> **What is being asked**: Print the lines below from the line with "Según un comunicado" to the line with "God Bless America Metal Tag w/ Jute" exactly, keeping both ends, and print no pictures.

[Saved data entries]
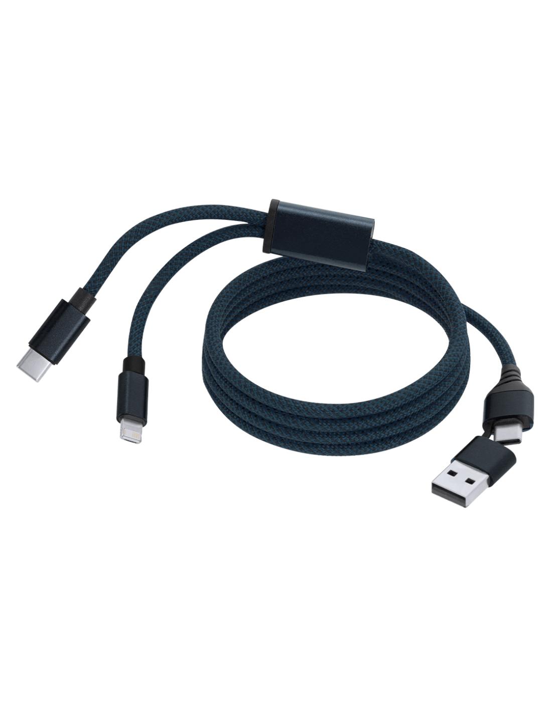 Cable cargador con diseño imantado para evitar enredos, en resistente aluminio. Con conexión de entrada dual Tipo C/USB y salidas Tipo C y 2 en 1 (Lightning y Micro USB).
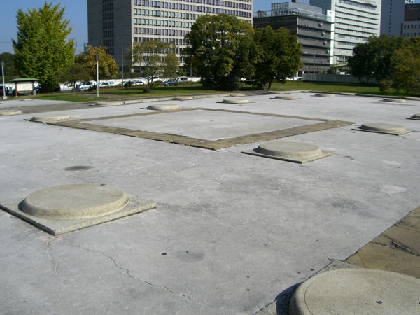 昭和36年の発掘調査により、飛鳥から奈良時代にかけて前後2期の難波宮跡が確認されました。史跡の周辺を公園として整備し、難波宮跡には基礎のところを石などで盛り上げてわかりやすく再現しています。
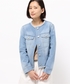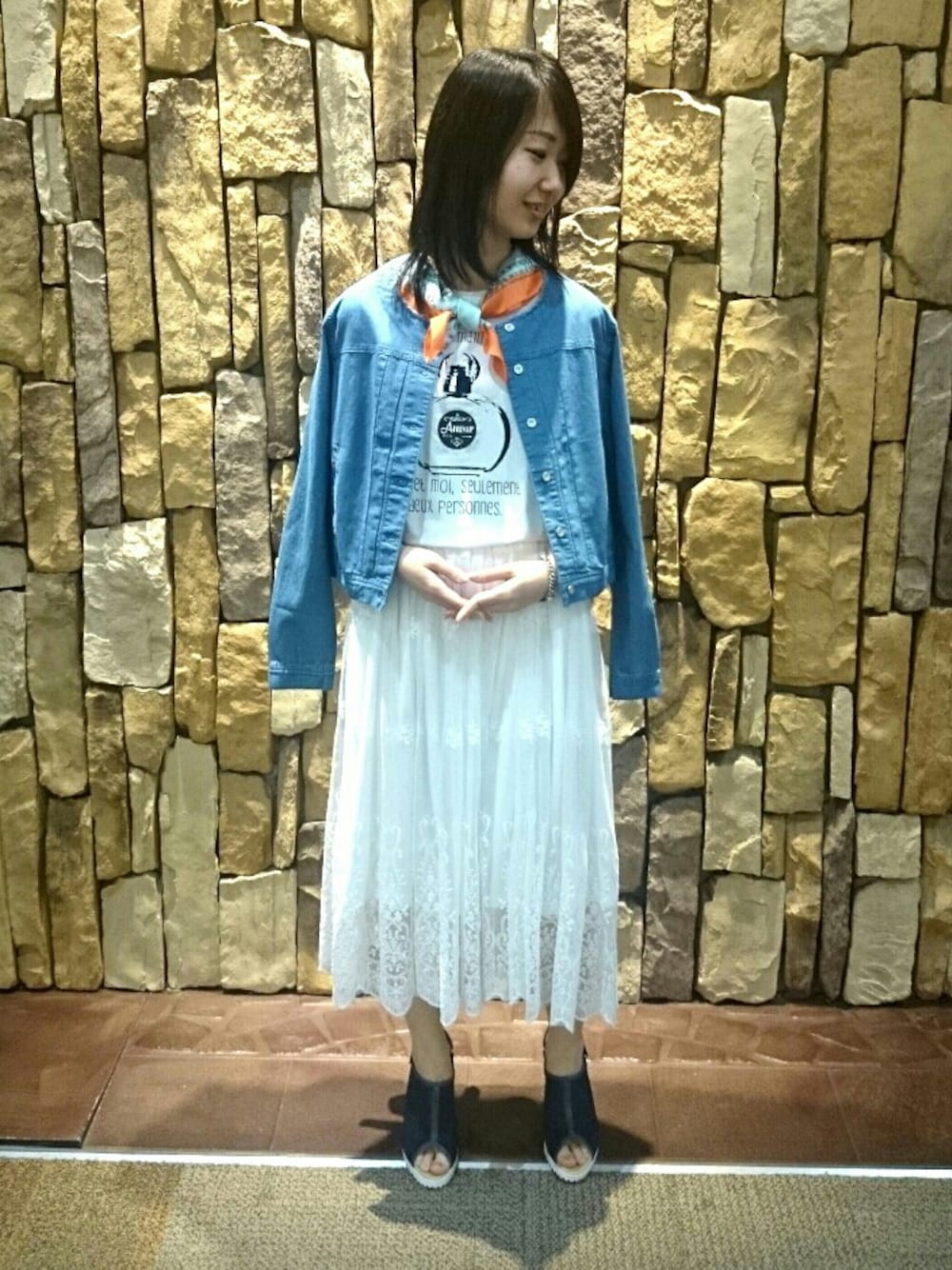 今年イチオシの白×デニムコーデ 襟部分にフリンジのついたノーカラーGジャンにレースのスカートを合わせて春らしい軽やかなコーディネートを組みました 首元にはスカーフを軽く巻いてアクセントを
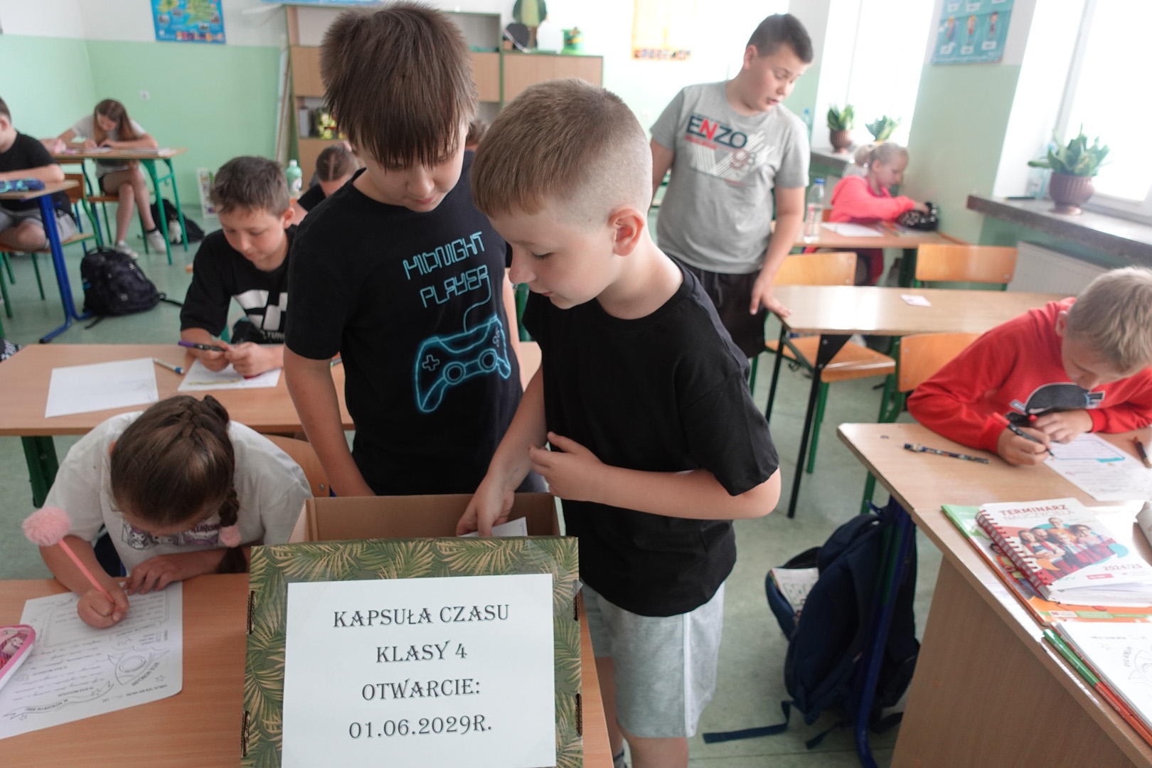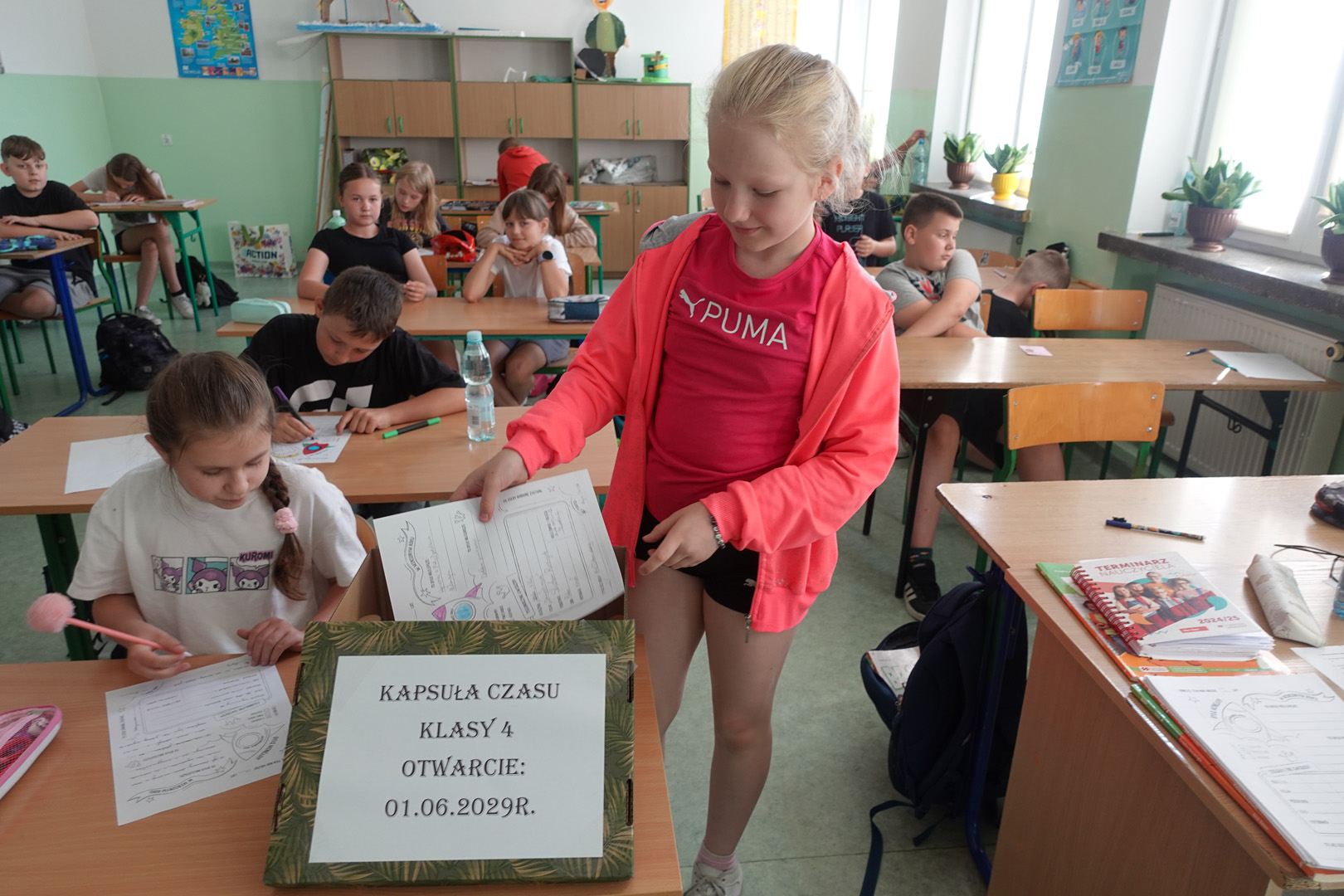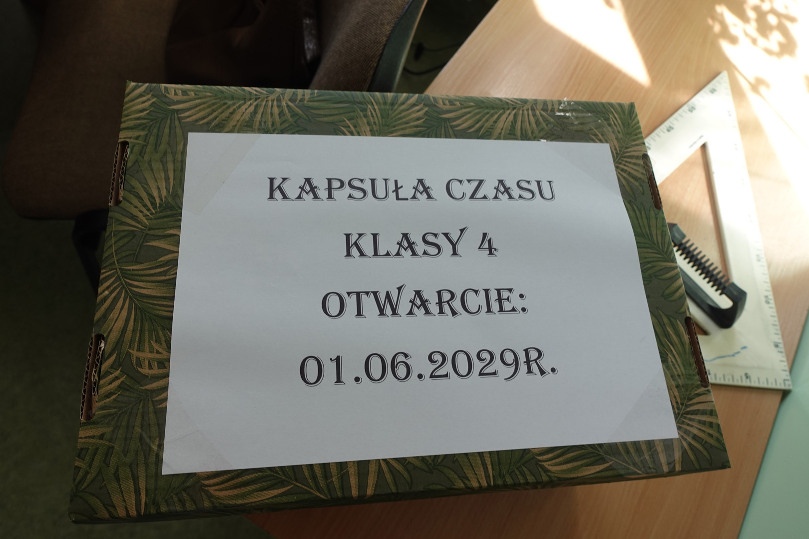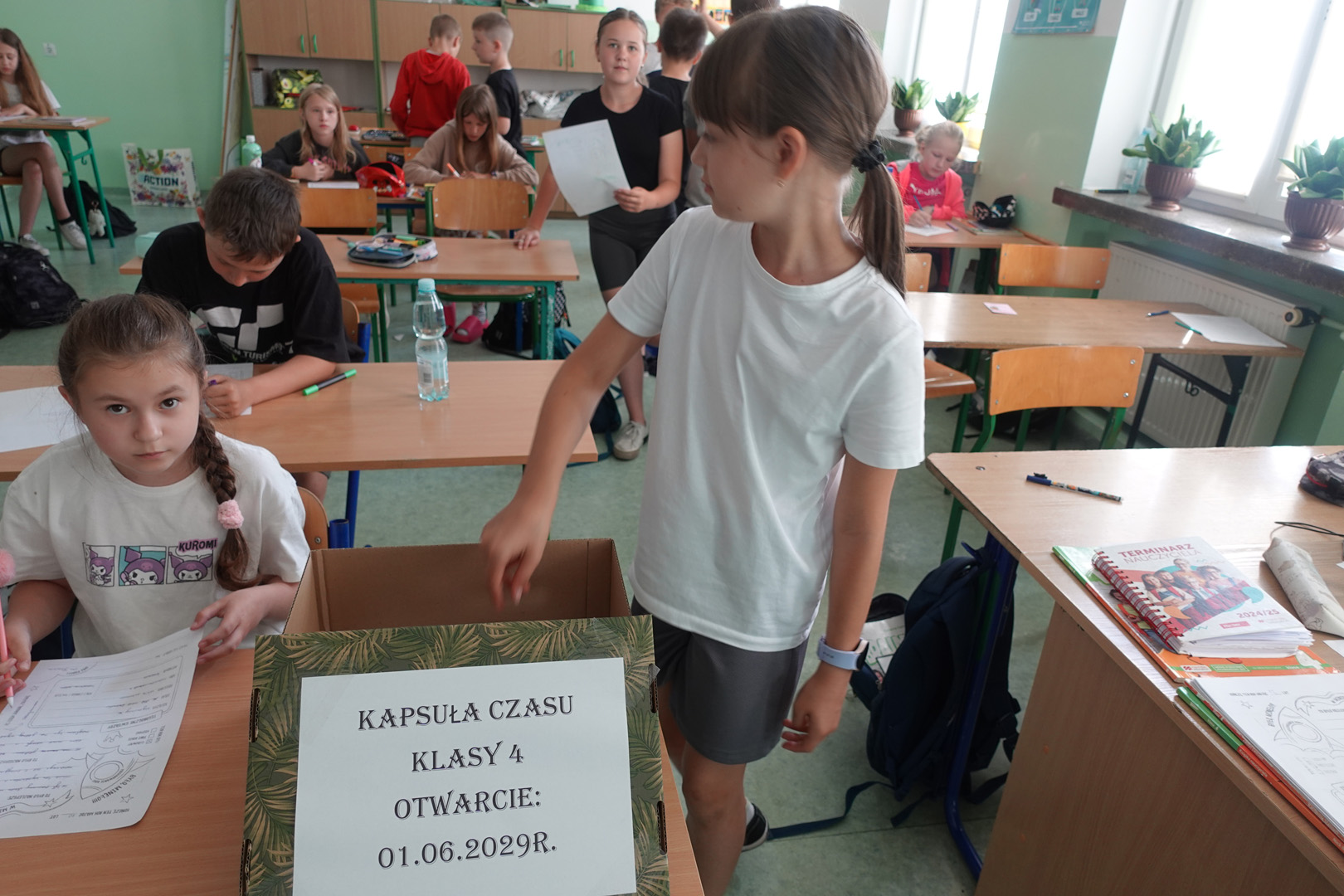Kapsuła czasu to specjalny pojemnik, do którego wkłada się różne przedmioty i informacje, by po wielu latach móc je odnaleźć i porównać z rzeczywistością. Uczniowie klasy 4 postanowili przygotować własną kapsułę, którą planują otworzyć dopiero w roku 2029- a więc, gdy będą w klasie 8. Każdy uczeń włożył do kapsuły coś osobistego. Były to m.in.: listy do przyszłych siebie, w których dzieci opisały swoje marzenia, ulubione zajęcia i aktualne zainteresowania, portrety uczniów, ulubione rysunki i prace plastyczne, wycinki z gazet, pokazujące, co działo się w świecie w 2025 roku, a także drobne pamiątki codzienności, jak opakowania po ulubionych przekąskach czy własnoręcznie wykonane przedmioty. Prace nad kapsułą trwały kilka dni – uczniowie samodzielnie spisywali swoje wspomnienia i wybierali najcenniejsze pamiątki. Z pomocą wychowawcy wszystko zostało bezpiecznie zapakowane i zapieczętowane. Następnie kapsuła została uroczyście umieszczona w specjalnie przygotowanym miejscu w sali, oznaczonym tabliczką z datą otwarcia.
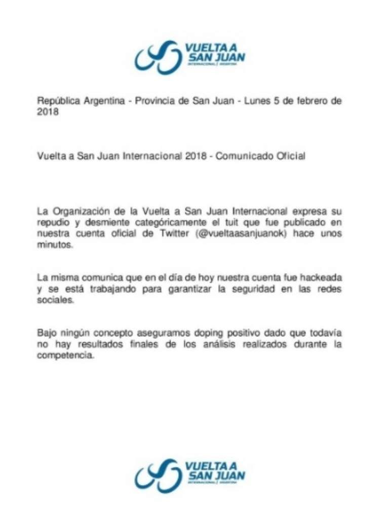 Según un comunicado que publicó la organización "la cuenta fue hackeada" y "bajo ningún concepto aseguramos doping positivo dado que todavía no hay resultados finales de los análisis realizados durante la competencia".
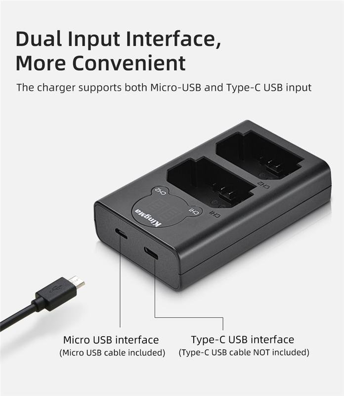 Двойное зарядное устройство для аккумуляторов типа Fujifilm NP-W235. Модель имеет подключение посредством Type-C (не в комплекте) и micro USB кабеля, что позволяет заряжать батареи от стандартного сетевого адаптера, автозарядки или даже Power Bank |
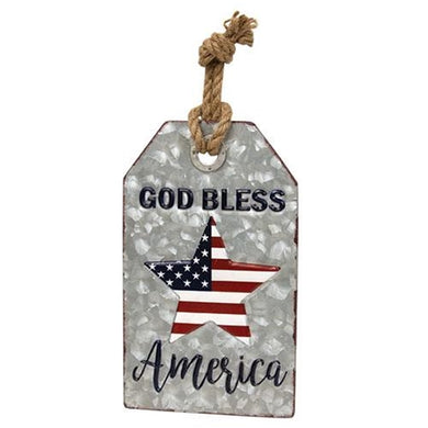 God Bless America Metal Tag w/ Jute
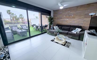 ABFinancial presenta esta exclusiva vivienda en planta baja situada en un elegante residencial privado en Mil Palmeras, una de las zonas más demandadas de la costa de Pilar de la Horadada, a tan solo 250 metros del mar. La vivienda se encuentra dentro de un complejo residencial moderno construido en 2014, formado por tres bloques con excelentes zonas comunes, amplios jardines y espacios para pasear, ofreciendo un entorno tranquilo, cuidado y de gran calidad. La propiedad cuenta con 98 m2 construidos y 83 m2 útiles, distribuidos de forma cómoda y funcional. Al tratarse de una planta baja, destaca especialmente su gran terraza delantera de aproximadamente 25 m2, perfecta para disfrutar del clima mediterráneo, reuniones al aire libre o zona de descanso con vistas despejadas. Además, la habitación principal dispone de una segunda terraza privada trasera, aportando mayor privacidad y ventilación natural. La vivienda dispone de: • 2 dormitorios dobles • 2 baños completos con ducha • Baño en suite en el dormitorio principal • Amplio salón con cocina americana totalmente equipada • Zona de lavandería independiente • Armarios empotrados Se trata de una vivienda seminueva, muy moderna y con excelentes calidades, con materiales de gran calidad y detalles como persianas eléctricas en algunas ventanas. La climatización se realiza mediante splits de aire acondicionado frío/calor, proporcionando confort durante todo el año. La propiedad incluye además: • Plaza de garaje subterránea muy amplia, válida para cualquier tipo de vehículo • Trastero privado El residencial ofrece unas zonas comunes espectaculares, entre las que destacan: • Dos grandes piscinas comunitarias • Gimnasio incluido en la comunidad • Amplias zonas verdes y espacios de paseo La vivienda tiene orientación noroeste, con un ambiente agradable y equilibrado durante todo el año. Una propiedad ideal tanto como residencia habitual, segunda vivienda cerca del mar o inversión, en uno de los residenciales más atractivos de Mil Palmeras. Para más información o para organizar una visita, no dudes en ponerte en contacto con nosotros.
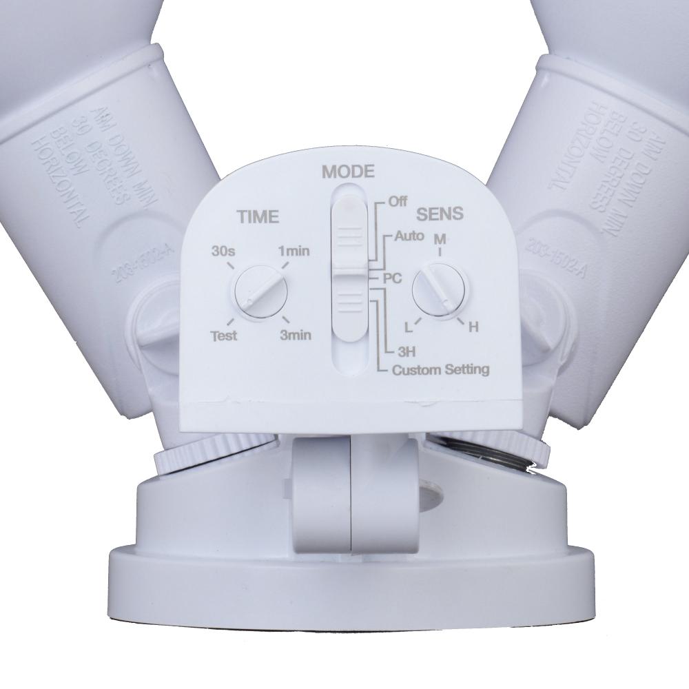 This 2-light outdoor motion sensor security light provides low-level approximately 30% ambient lighting throughout the night and bright 100% high level when motion is detected. The light heads and sensor are fully adjustable to keep your home’s exterior brighter at dusk, dimmer at night, and instantly bright when motion is detected. Customize your lighting options with 5 modes of operation plus adjustable motion sensor sensitivity. Suitable for wall or eave mounting with a wide detection area of 180 degrees and 70 feet. This Dualux security flood light expands the functionality, safety, and security of your home’s outdoor spaces with bright, reliable light when and where it is needed most.
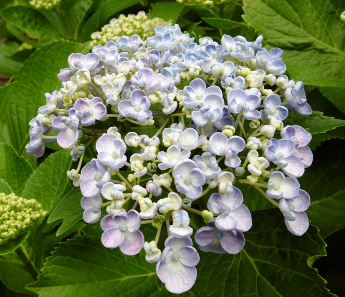 紫陽花が満開の季節になりました。沢山の色合いと型がある花ですけれど、この色合いが王道かなぁ・・・
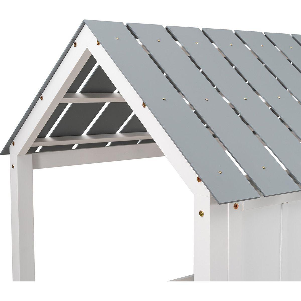 Featuring roof and two front windows, this bed doubles as a semi-enclosed play place perfect for kids to explore their imaginations. With guardrail and a sturdy pine frame, this bed offers a safe space for your kids to get a good night’s sleep.Featuring roof and two front windows, this unique bed creates a fun and adorable space that not only serves as a comfortable sleeping area but also double as a space for your kids to play and have fun.
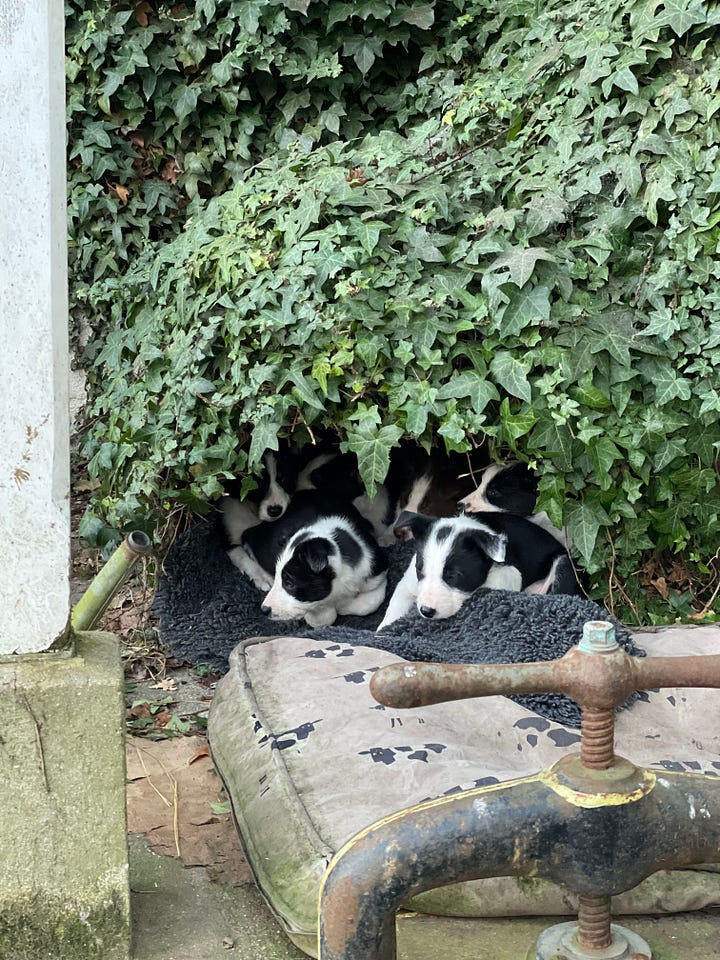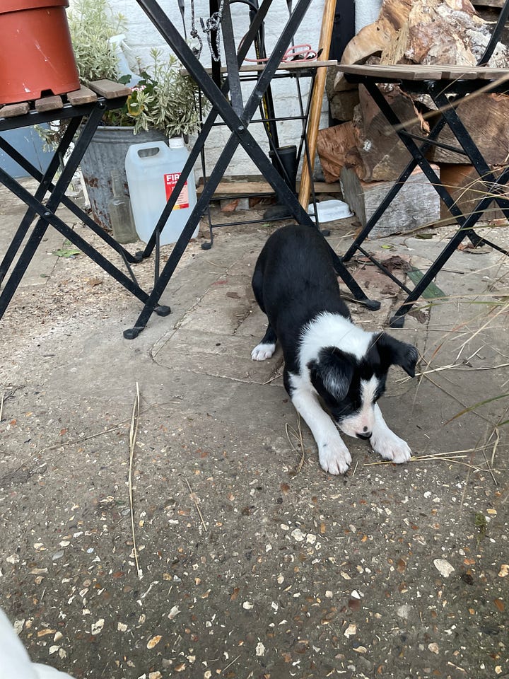 One pup leaves the hideaway, and walks up to us. She sniffs my hand, accepts lavish strokes, and promptly climbs into my lap. She reaches her little miniature collie face up, and starts to lick my face. (I don’t mind dogs doing this, but understand that some people do mind.) I kiss her back on the nose. She curls in my lap, ecstatic as I scratch behind her ears, leaning up for more kisses. ‘Uh-oh’, I think. My heart feels quite considerably lighter. I look at her carefully. It is hard to tell a litter of largely black and white pups apart, but she is a girl, and she does look a little smaller than the others. I am almost certain she is Gertie, the pup still looking for a home. Something in my chest feels funny, and all the sensible things - our lack of time, energy, resources - fly out of the window. She is truly joyous. And then - the farmer walks by. ‘Is this Gertie?’, I call out, hoping so much that she is. ‘She is!’, he says. And my heart leaps. But he continues: ‘And a lady from Somerset is coming to take her tomorrow!’
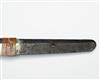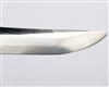 early 19th century, with 25 3/4in. blade (some re-polishing), straight visible 'hamon', copper 'habaki' and tang with single 'mekugi-ana', in a later shirasaya with a silk sword-bag

> **Task solution**:
 Según un comunicado que publicó la organización "la cuenta fue hackeada" y "bajo ningún concepto aseguramos doping positivo dado que todavía no hay resultados finales de los análisis realizados durante la competencia".
 Двойное зарядное устройство для аккумуляторов типа Fujifilm NP-W235. Модель имеет подключение посредством Type-C (не в комплекте) и micro USB кабеля, что позволяет заряжать батареи от стандартного сетевого адаптера, автозарядки или даже Power Bank |
 God Bless America Metal Tag w/ Jute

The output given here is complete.